Boston Scientific (NYSE: [[ticker:BSX]]) is continuing its acquisition binge with the announcement this morning that it has agreed to buy Vessix Vascular, a privately held company in Laguna Hills, CA, for as much as $425 million. Vessix makes a device that uses radio frequencies to treat drug-resistant hypertension, a method called renal denervation.
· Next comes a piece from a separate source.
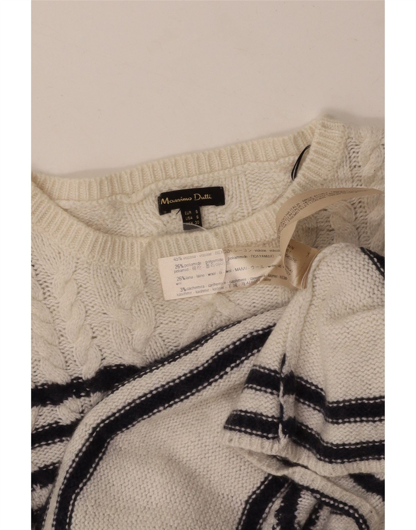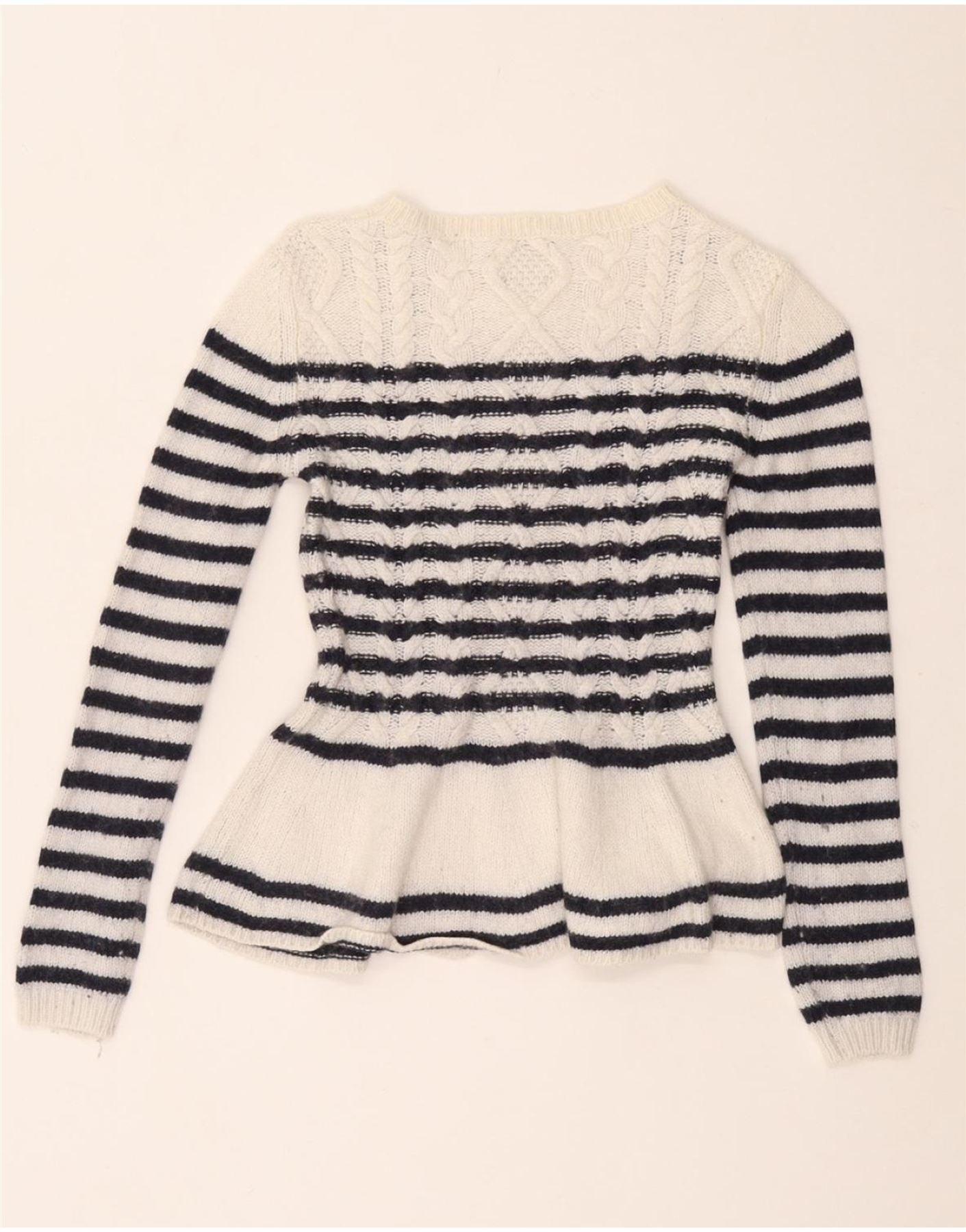 MASSIMO DUTTI Damski dopasowany sweter z dekoltem w łódkę UK 8 Small White

The agreement calls for an upfront payment of $125 million and additional milestone payments up to a maximum of $300 million between 2013 and 2017. The acquisition is expected to close by the end of November. Natick, MA-based Boston Scientific, best known for its drug-coated stents, set off on a buying spree five years ago to diversify its product portfolio, and has purchased some 15 companies since; Vessix marks the fourth acquisition so far this year. Just a month ago the firm agreed to acquire privately held Rhythmia Medical, in Burlington, MA, for as much as $265 million in order to get Rhythmia’s electrophysiology technology for treating irregular heartbeats.
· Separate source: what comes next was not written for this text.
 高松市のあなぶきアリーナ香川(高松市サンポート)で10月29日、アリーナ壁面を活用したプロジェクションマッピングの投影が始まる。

Boston Scientific said in a press release that the Vessix acquisition is meant to add another technology to its portfolio of hypertension treatments and accelerate its entry into the renal denervation market, which “we expect to be a multi-billion dollar market by 2020.” Vessix’s V2 Renal Denervation System was approved in Europe in May, and in Australia in September, and will be sold in both regions next year. However, it is still being tested in the U.S. The system uses a balloon fitted to a catheter to deliver radio-frequency waves that sear hyperactive nerves in the kidneys, one of the causes of hypertension.
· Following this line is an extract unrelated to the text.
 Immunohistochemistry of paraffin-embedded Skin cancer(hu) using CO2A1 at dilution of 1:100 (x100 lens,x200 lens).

Vessix, originally called Minnow Medical, was founded in San Diego 2003 by medical device entrepreneur Tom Steinke. He told Xconomy’s Bruce Bigelow in 2009 that he started the company “out of an abiding conviction of the limitations of the medical stent”—ironically, Boston Scientific’s leading product. Steinke left the company a few years later and in August 2011 Minnow changed its name to Vessix Vascular after raising $23 million in a financing round led by Edmond de Rothschild Investment Partners. Other key investors in the company include NeoMed Management, OrbiMed Advisors, and Christopher Weil.